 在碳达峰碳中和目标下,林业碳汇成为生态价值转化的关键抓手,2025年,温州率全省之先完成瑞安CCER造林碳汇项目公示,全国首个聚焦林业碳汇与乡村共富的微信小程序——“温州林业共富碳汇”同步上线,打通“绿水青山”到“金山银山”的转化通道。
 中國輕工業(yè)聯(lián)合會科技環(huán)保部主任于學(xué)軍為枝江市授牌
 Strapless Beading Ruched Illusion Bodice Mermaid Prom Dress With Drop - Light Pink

==

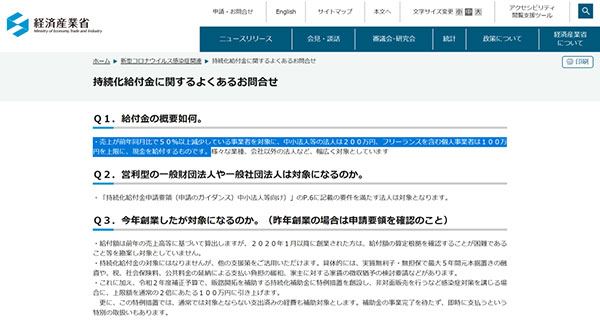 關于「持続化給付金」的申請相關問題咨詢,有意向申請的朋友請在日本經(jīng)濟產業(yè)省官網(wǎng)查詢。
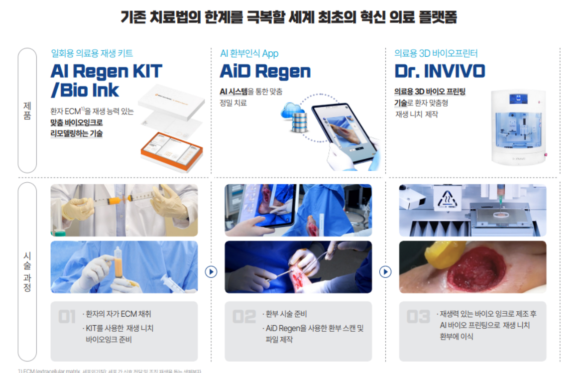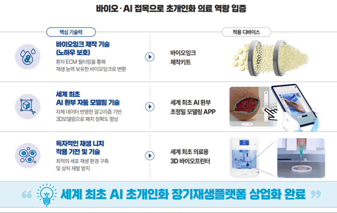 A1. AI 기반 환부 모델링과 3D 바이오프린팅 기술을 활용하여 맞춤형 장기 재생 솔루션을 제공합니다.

* * *

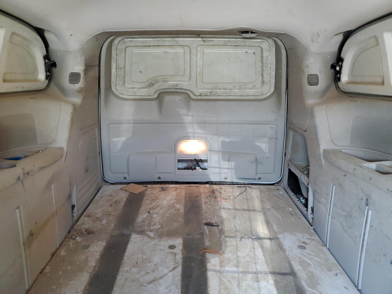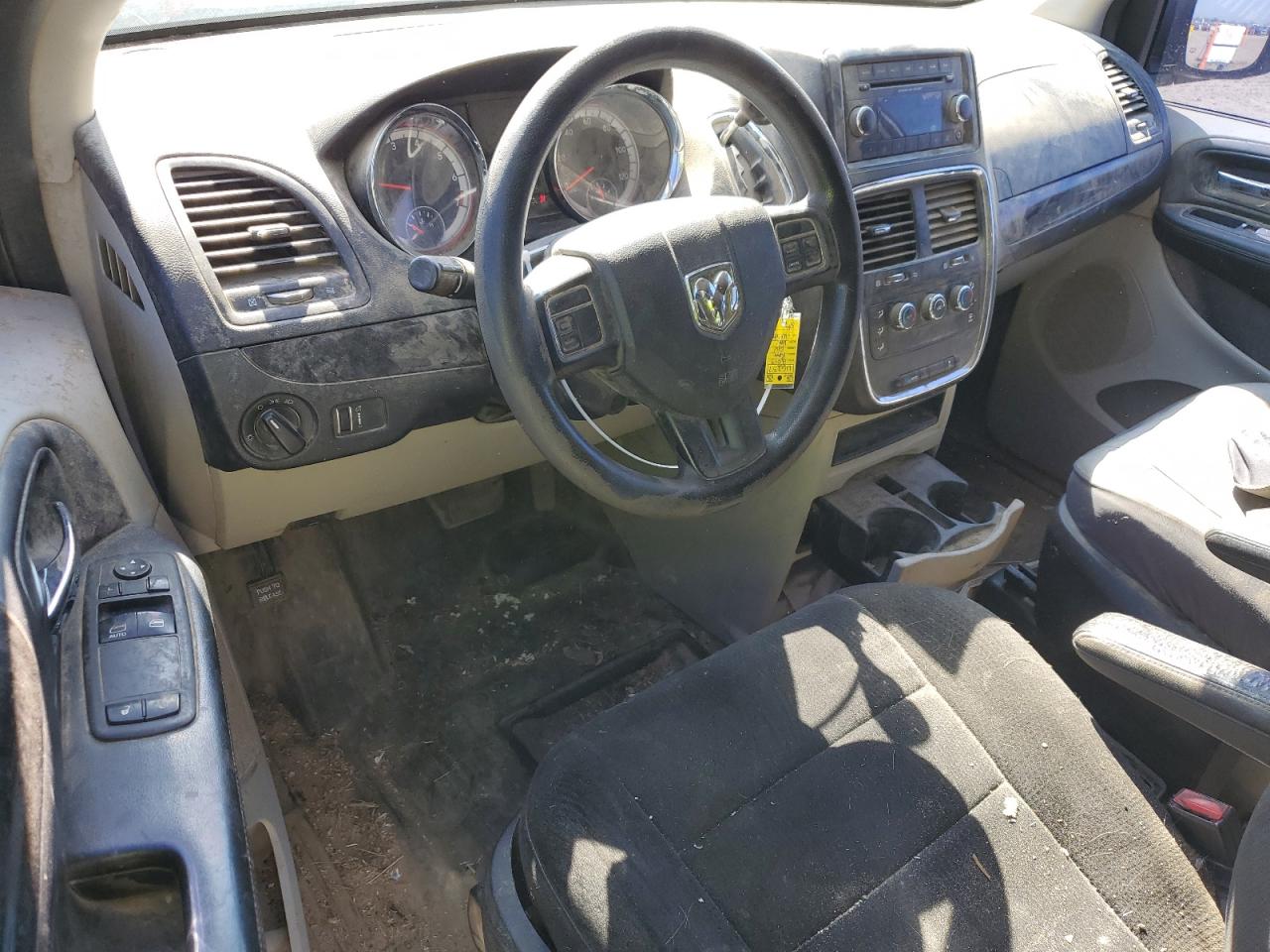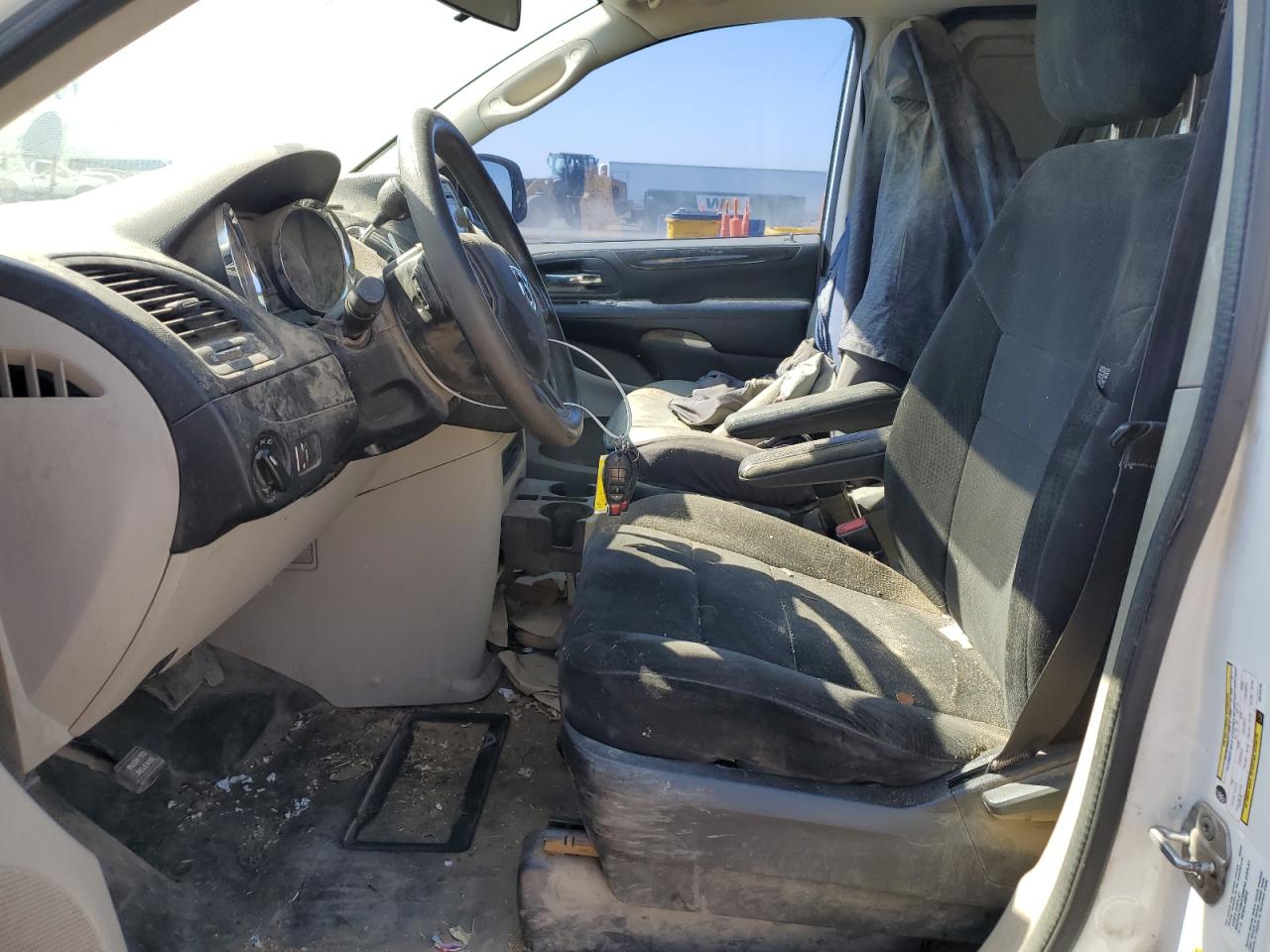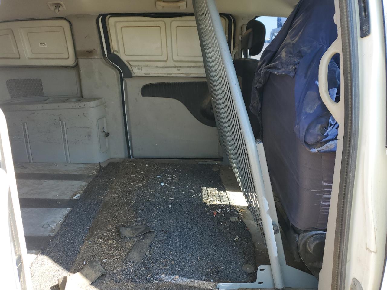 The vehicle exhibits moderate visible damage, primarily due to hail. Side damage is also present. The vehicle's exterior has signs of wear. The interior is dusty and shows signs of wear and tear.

What this task involves: Which lines run from the one holding "在碳达峰碳中和目标下,林业碳" through the one holding "Strapless Beading Ruched" in the records above? Repeat them exactly, both included, and nothing more.

Solution below:
 在碳达峰碳中和目标下,林业碳汇成为生态价值转化的关键抓手,2025年,温州率全省之先完成瑞安CCER造林碳汇项目公示,全国首个聚焦林业碳汇与乡村共富的微信小程序——“温州林业共富碳汇”同步上线,打通“绿水青山”到“金山银山”的转化通道。
 中國輕工業(yè)聯(lián)合會科技環(huán)保部主任于學(xué)軍為枝江市授牌
 Strapless Beading Ruched Illusion Bodice Mermaid Prom Dress With Drop - Light Pink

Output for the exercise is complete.